Collected material:
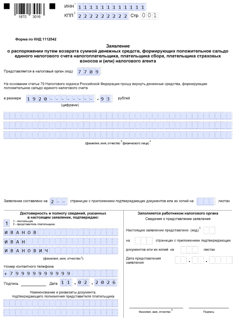 Ситуация, когда на едином налоговом счете (ЕНС) формируется положительное сальдо – не редкость. Закон позволяет организациям и ИП вернуть переплату на расчетный счет без ограничений по видам налогов, если она подтверждена документально. С 15 января 2026 года действуют обновленная форма заявления о возврате – разбираем, как правильно ее заполнить.
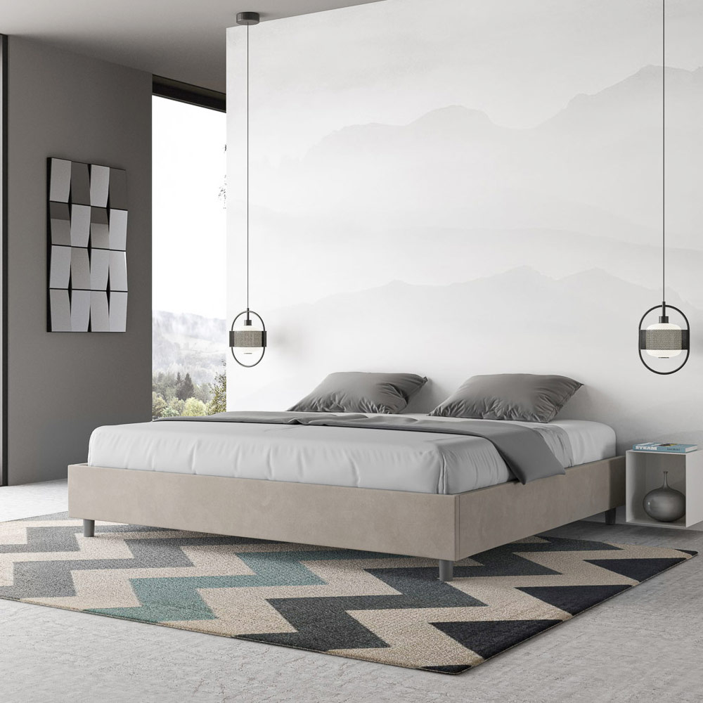 Super kingsize bed 200x200 cm, gewatteerd met melamine panelen en bekleed met microvezel , volledig gemaakt in Italië. Dit super kingsize bed valt op door zijn strakke, minimalistische design . De ingetogen esthetiek en veelzijdigheid maken het gemakkelijk om het in elke omgeving te integreren. Een van de kenmerkende eigenschappen is de afwezigheid van een traditioneel hoofdeinde , waardoor het ideaal is voor plaatsing in unieke ruimtes, zoals onder een raam, op zolder of tegen een decoratieve muur, zonder het uitzicht te belemmeren of het gewenste effect te bereiken.
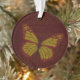 Padrões inspirados pelas decorações tradicionais chinesas adoram asas, corpo e manchas desta borboleta monarca em tons de vermelho, ouro e marrom.
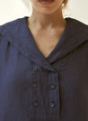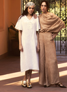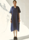 A relaxed fitting midi dress featuring a button-up front , flared sleeves and a Japanese collar. Length 45". The model is 5'8" and is wearing a size S.

Task statement:
The data shown above must be printed again exactly, with no images included.

Answer for the task:
 Ситуация, когда на едином налоговом счете (ЕНС) формируется положительное сальдо – не редкость. Закон позволяет организациям и ИП вернуть переплату на расчетный счет без ограничений по видам налогов, если она подтверждена документально. С 15 января 2026 года действуют обновленная форма заявления о возврате – разбираем, как правильно ее заполнить.
 Super kingsize bed 200x200 cm, gewatteerd met melamine panelen en bekleed met microvezel , volledig gemaakt in Italië. Dit super kingsize bed valt op door zijn strakke, minimalistische design . De ingetogen esthetiek en veelzijdigheid maken het gemakkelijk om het in elke omgeving te integreren. Een van de kenmerkende eigenschappen is de afwezigheid van een traditioneel hoofdeinde , waardoor het ideaal is voor plaatsing in unieke ruimtes, zoals onder een raam, op zolder of tegen een decoratieve muur, zonder het uitzicht te belemmeren of het gewenste effect te bereiken.
 Padrões inspirados pelas decorações tradicionais chinesas adoram asas, corpo e manchas desta borboleta monarca em tons de vermelho, ouro e marrom.
 A relaxed fitting midi dress featuring a button-up front , flared sleeves and a Japanese collar. Length 45". The model is 5'8" and is wearing a size S.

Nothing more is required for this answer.